• 14 May 2026

What to do when a legal matter starts to move off plan

Apperio blog

A matter doesn’t suddenly go off plan in a way that’s obvious to everyone involved. There isn’t a clear point where things stop making sense or where someone can say, “this is where it changed.”

Instead, the movement is gradual. Decisions are made as the work unfolds. An assumption proves incomplete. A different approach is used. A timeline extends. Each step makes sense on its own.

But over time, those decisions start to change how the work is delivered. And the outcome changes with it.
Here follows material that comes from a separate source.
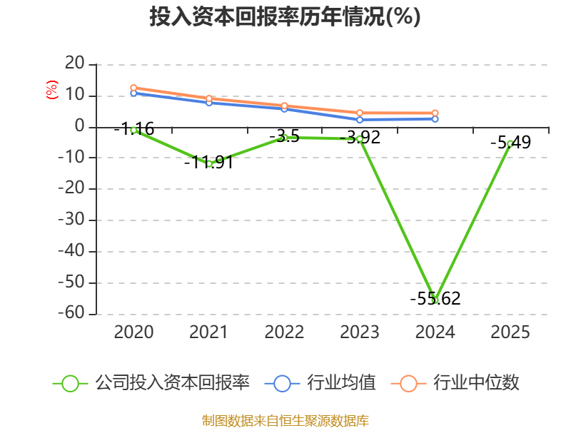 数据显示,2025年公司加权平均净资产收益率为-2.54%,较上年同期上升58.61个百分点。公司2025年投入资本回报率为-5.49%,较上年同期上升50.13个百分点。

This is where it gets complicated. By the time the impact becomes obvious, there’s very little left to influence. The difficulty is knowing what that change actually means while the work is still in progress.

Key takeaways:

  • Most matters don’t move off plan all at once. The change builds gradually.
  • The challenge is understanding what it means while the work is still in progress.
  • Some changes are expected. Others need a response, and quickly.
  • The teams that manage this well identify the difference early and act while there is still time to influence the outcome.
  • Cost is shaped during delivery, instead of at invoice review.

What matters is not that work changes. It’s how you interpret it

Most teams can see when a matter starts to move.

The harder part is deciding what that movement represents while the work is still in progress.

  • Is it still within the bounds of what was expected at the outset?
  • Is it a reasonable response to something new?
  • Or is it starting to move in a way that no longer reflects what was agreed?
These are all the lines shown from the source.